According to the Vietnam Confederation of Commerce and Industry (VCCI), the Ministry of Planning and Investment’s (MPI) draft report on implementing the Law on Supporting small and medium enterprises (SMEs) is built on the perspective of management agencies, not the beneficiaries.

The draft report gives a comprehensive review about activities of state agencies to support SMEs. However, some content needs to be more clearly quantified to better assess the effectiveness of these activities and the feasibility of regulations on SMEs.

For example, regarding credit access, the draft report named changes and improvements in providing credit at credit institutions, but did not give specific information such as the percentage of credit institutions which have been renovated; the time enterprises have to spend to access loans, and the number of loan applications approved.

Regarding beneficiaries, the draft just lists activities state agencies have carried out, not the results of supporting activities.

For example, in terms of supporting enterprises to get production premises, it is unclear how many SMEs can obtain production premises. This is among the biggest difficulties of enterprises.

Helping SMEs renovate technology is another example.

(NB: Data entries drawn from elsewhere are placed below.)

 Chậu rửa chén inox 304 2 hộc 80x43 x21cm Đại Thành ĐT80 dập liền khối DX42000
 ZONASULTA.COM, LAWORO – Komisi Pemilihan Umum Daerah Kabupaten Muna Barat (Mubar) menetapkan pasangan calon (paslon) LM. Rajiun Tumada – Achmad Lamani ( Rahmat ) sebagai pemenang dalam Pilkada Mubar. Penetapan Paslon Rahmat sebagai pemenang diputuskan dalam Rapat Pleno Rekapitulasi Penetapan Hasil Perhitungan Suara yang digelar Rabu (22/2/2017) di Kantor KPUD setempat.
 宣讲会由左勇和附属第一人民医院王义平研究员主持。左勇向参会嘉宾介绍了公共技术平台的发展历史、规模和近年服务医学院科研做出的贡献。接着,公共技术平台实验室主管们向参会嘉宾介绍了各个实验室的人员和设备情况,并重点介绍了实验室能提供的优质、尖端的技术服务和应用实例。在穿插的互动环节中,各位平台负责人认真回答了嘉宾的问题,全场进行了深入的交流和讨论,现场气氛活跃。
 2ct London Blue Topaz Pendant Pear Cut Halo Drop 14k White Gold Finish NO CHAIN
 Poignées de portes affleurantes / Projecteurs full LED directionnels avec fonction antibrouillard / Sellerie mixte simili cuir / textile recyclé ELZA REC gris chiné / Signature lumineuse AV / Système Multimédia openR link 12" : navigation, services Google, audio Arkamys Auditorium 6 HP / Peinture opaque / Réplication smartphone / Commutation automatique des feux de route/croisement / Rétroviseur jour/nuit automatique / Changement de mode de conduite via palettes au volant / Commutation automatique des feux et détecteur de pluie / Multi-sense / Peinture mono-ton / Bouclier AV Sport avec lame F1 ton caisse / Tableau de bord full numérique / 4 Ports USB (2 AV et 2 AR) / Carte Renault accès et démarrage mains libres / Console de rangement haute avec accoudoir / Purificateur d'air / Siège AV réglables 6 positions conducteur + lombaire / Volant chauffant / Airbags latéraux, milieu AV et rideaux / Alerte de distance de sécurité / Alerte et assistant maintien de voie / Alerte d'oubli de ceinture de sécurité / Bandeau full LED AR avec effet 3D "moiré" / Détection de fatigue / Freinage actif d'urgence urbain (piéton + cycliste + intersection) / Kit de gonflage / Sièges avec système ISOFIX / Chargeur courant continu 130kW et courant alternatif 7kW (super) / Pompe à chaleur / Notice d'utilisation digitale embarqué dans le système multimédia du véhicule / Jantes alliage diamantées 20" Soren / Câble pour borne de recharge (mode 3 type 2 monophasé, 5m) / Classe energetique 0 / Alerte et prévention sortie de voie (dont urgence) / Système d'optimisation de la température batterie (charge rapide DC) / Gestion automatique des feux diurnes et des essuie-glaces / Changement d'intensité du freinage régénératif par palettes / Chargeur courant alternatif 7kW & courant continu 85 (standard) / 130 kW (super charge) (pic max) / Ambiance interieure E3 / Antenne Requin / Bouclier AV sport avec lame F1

It is unclear how many enterprises support Igor innovation and technological base.

According to VCCI, the perspective from SMEs, which should be put at the center, cannot be sufficiently reflected in this report. 

VCCI has asked for more information from beneficiaries, for example, about the results of some activities.

VCCI’s provincial competitiveness index 2021 released in April 2022, which was made based on the feedback of 10,000 businesses from 63 provinces, showed that less than 8 percent of enterprises could receive support from the programs.

The program that has the highest proportion of beneficiaries is credit guarantee, but only 7.34 percent of businesses could access it.

The program with the lowest proportion of beneficiaries is one that helps firms enjoy lower rent on land in industrial zones (IZs), with 4.75 percent.